Recorded data:
# # # #

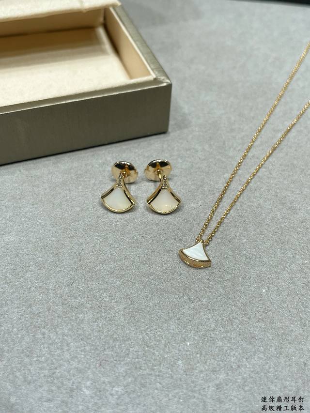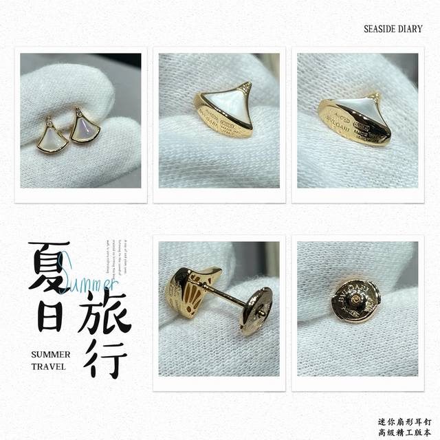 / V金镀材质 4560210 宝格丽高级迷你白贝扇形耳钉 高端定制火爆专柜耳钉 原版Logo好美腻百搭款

# # # #

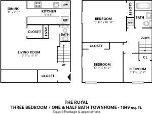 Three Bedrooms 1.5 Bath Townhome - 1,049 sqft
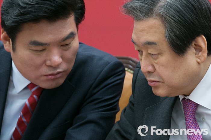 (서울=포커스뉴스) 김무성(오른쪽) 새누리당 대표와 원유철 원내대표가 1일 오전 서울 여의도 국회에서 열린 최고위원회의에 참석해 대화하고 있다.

# # # #

Please repeat the lines of the material above exactly, starting with the line that contains "Three Bedrooms 1.5" and ending with the line that contains "(서울=포커스뉴스) 김무성(오른쪽) 새누리당". Leave the pictures out.

Written reply:
 Three Bedrooms 1.5 Bath Townhome - 1,049 sqft
 (서울=포커스뉴스) 김무성(오른쪽) 새누리당 대표와 원유철 원내대표가 1일 오전 서울 여의도 국회에서 열린 최고위원회의에 참석해 대화하고 있다.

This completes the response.